(Records from a data source)
######
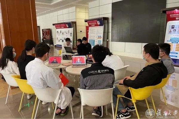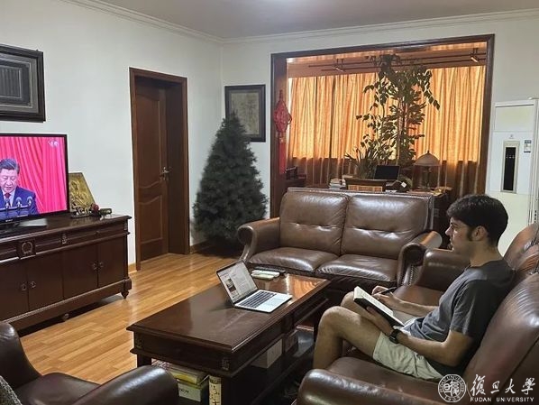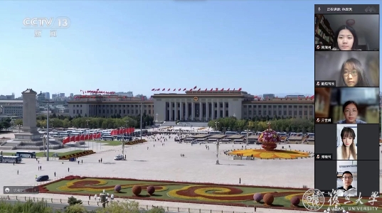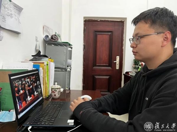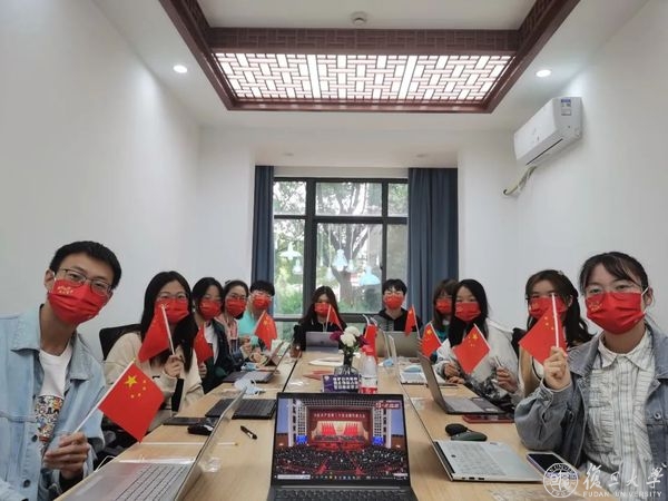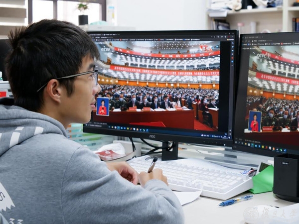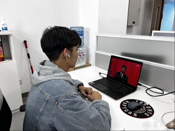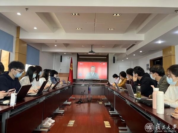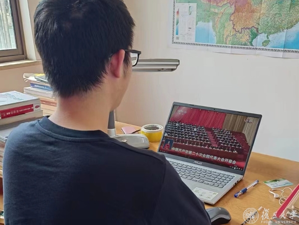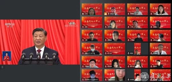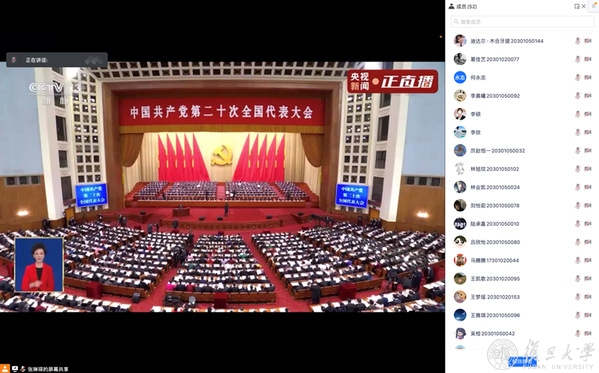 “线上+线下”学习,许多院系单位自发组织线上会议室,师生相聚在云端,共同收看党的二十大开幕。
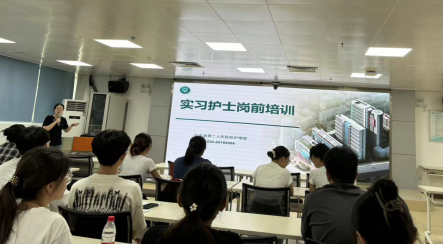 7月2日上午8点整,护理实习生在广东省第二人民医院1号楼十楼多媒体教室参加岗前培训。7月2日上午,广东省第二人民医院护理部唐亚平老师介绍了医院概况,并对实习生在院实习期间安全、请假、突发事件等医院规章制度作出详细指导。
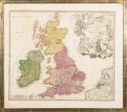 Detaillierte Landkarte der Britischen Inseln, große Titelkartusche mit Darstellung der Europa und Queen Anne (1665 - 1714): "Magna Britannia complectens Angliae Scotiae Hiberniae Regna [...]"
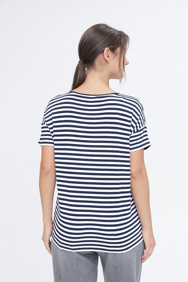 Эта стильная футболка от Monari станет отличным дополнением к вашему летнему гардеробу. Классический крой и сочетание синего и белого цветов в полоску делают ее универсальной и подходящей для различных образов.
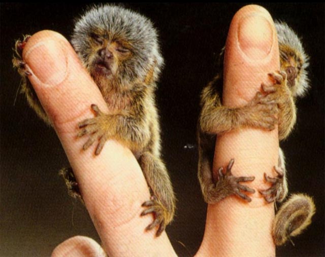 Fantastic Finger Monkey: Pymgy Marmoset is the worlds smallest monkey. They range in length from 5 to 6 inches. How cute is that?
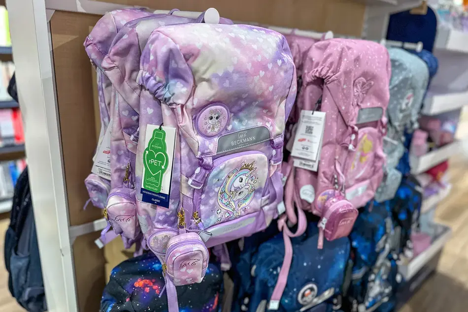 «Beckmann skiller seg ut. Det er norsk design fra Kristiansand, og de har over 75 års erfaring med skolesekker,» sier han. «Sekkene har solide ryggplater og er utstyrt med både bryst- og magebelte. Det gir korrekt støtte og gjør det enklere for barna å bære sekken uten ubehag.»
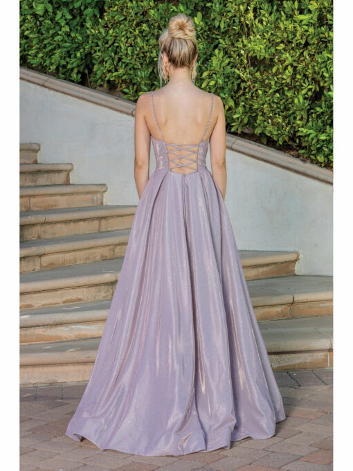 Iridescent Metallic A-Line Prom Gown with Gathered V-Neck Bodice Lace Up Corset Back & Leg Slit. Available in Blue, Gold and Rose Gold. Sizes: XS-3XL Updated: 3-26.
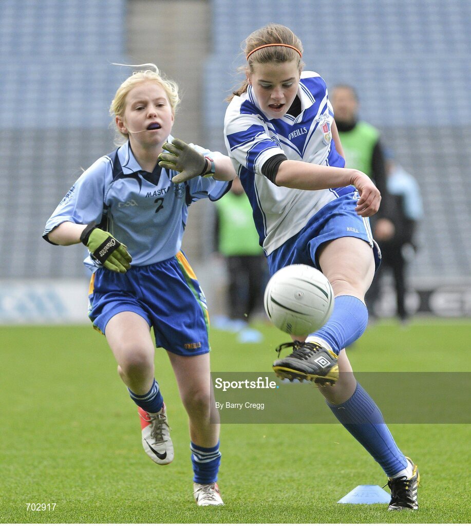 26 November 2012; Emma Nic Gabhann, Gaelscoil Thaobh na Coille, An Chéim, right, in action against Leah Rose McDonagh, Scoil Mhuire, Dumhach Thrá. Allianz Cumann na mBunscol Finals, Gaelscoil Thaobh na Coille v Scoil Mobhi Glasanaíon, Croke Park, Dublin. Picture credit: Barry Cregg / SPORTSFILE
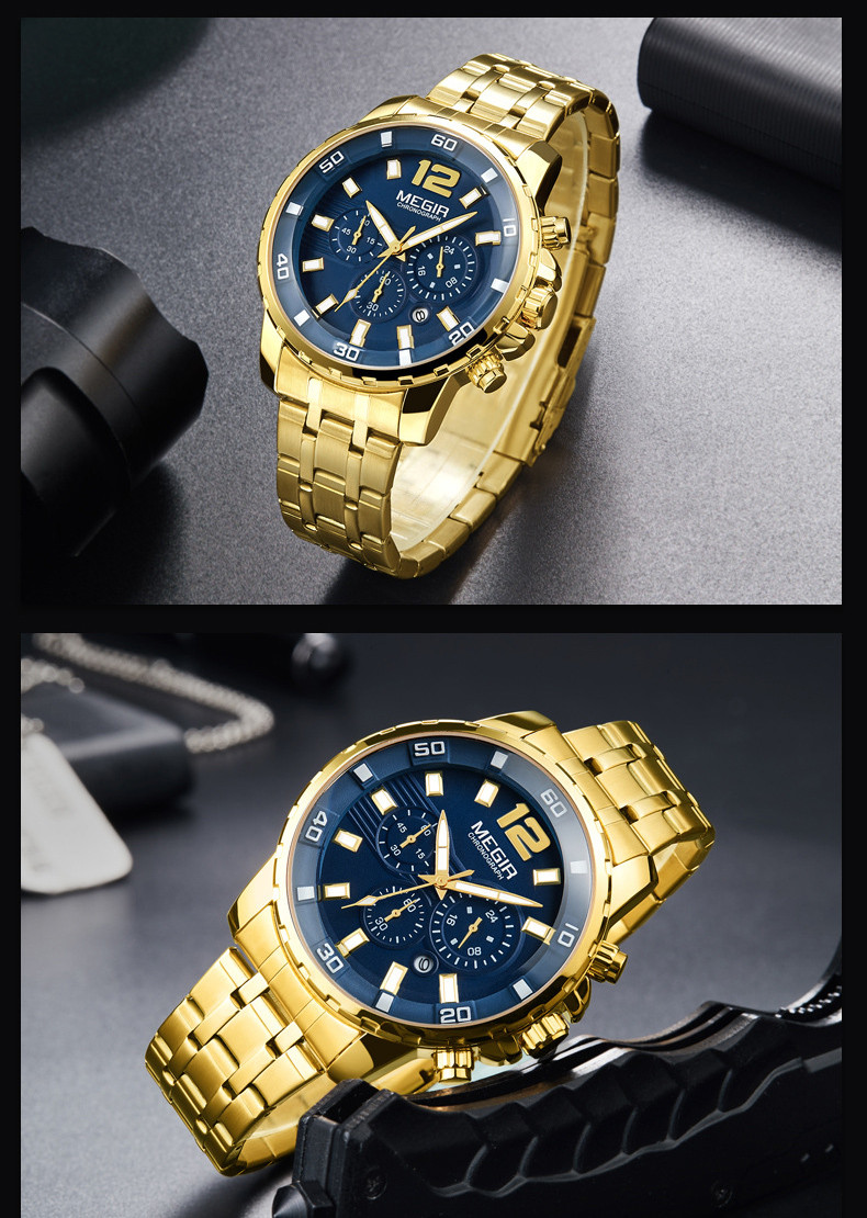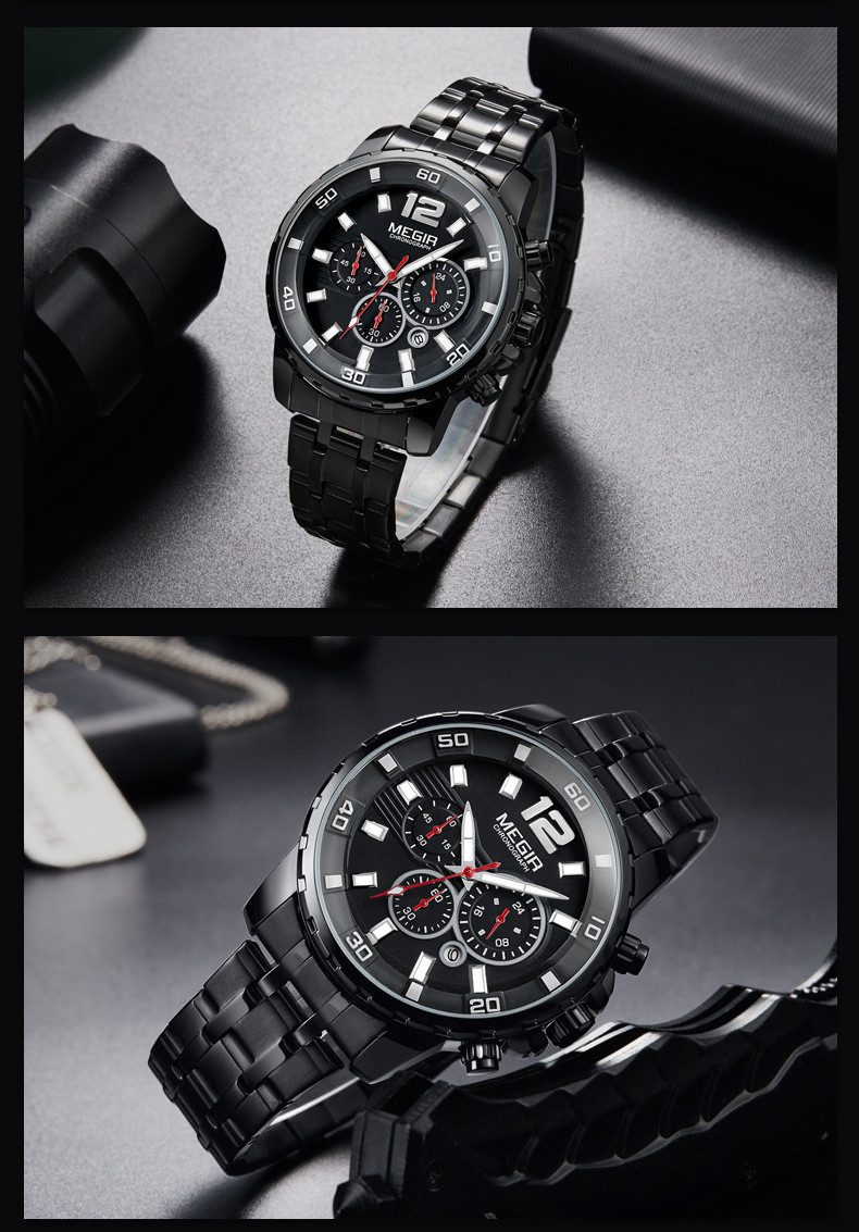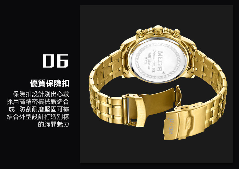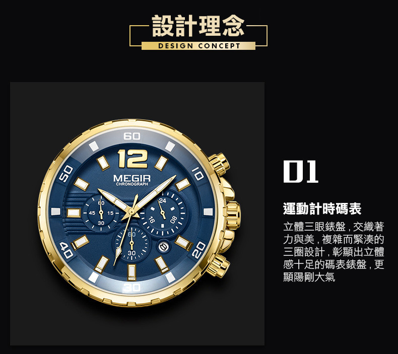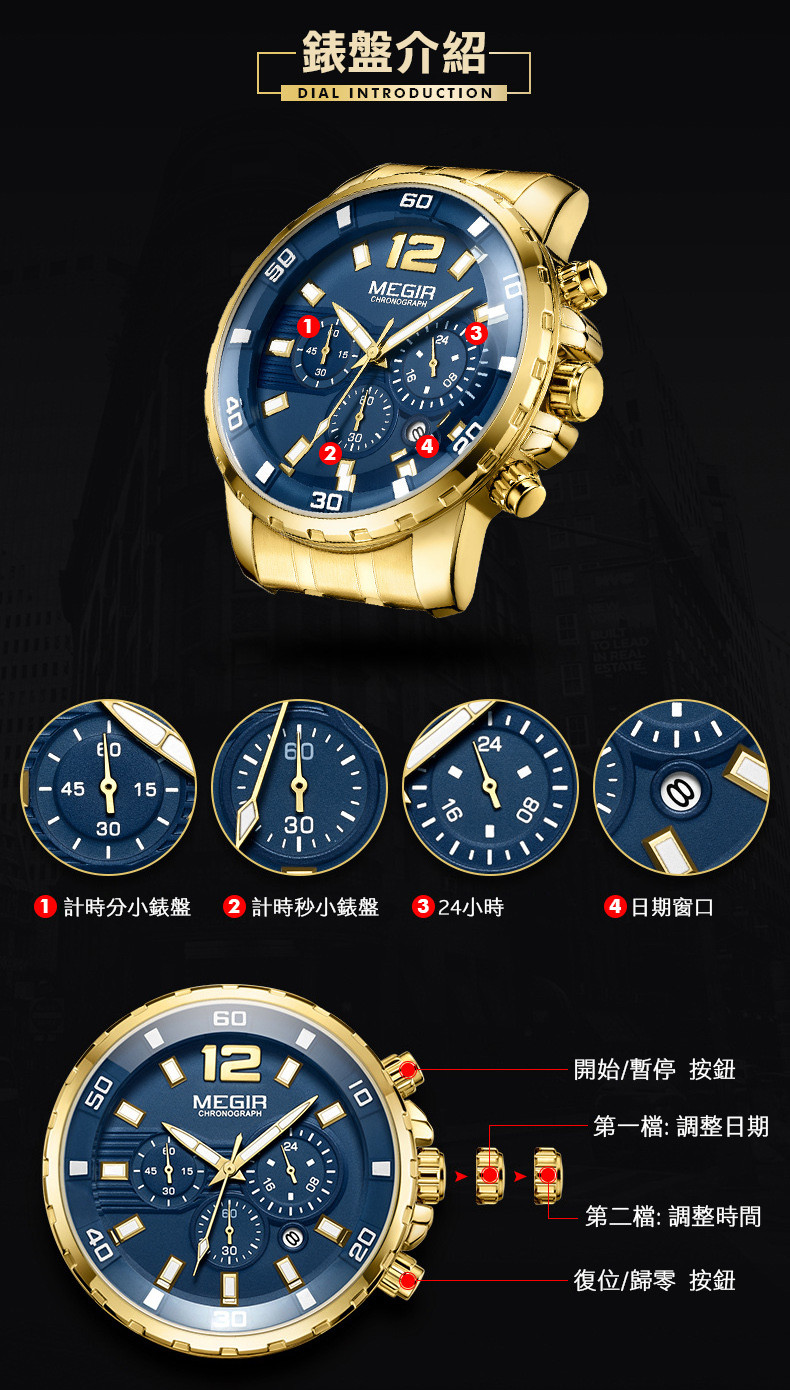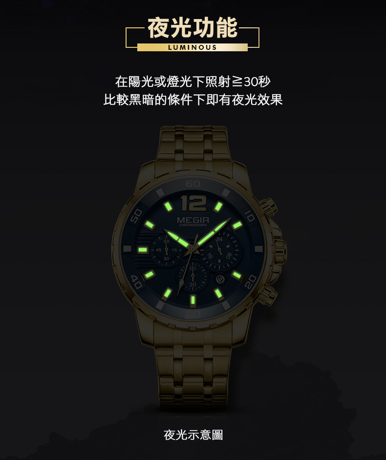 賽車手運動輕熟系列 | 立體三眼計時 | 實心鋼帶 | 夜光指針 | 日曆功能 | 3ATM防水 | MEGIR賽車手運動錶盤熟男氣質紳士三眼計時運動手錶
######
Task details: What is needed is an exact transcription of the lines from the one holding "26 November 2012;" to the end of the data, with every picture left out.

Response to the task:
 26 November 2012; Emma Nic Gabhann, Gaelscoil Thaobh na Coille, An Chéim, right, in action against Leah Rose McDonagh, Scoil Mhuire, Dumhach Thrá. Allianz Cumann na mBunscol Finals, Gaelscoil Thaobh na Coille v Scoil Mobhi Glasanaíon, Croke Park, Dublin. Picture credit: Barry Cregg / SPORTSFILE
 賽車手運動輕熟系列 | 立體三眼計時 | 實心鋼帶 | 夜光指針 | 日曆功能 | 3ATM防水 | MEGIR賽車手運動錶盤熟男氣質紳士三眼計時運動手錶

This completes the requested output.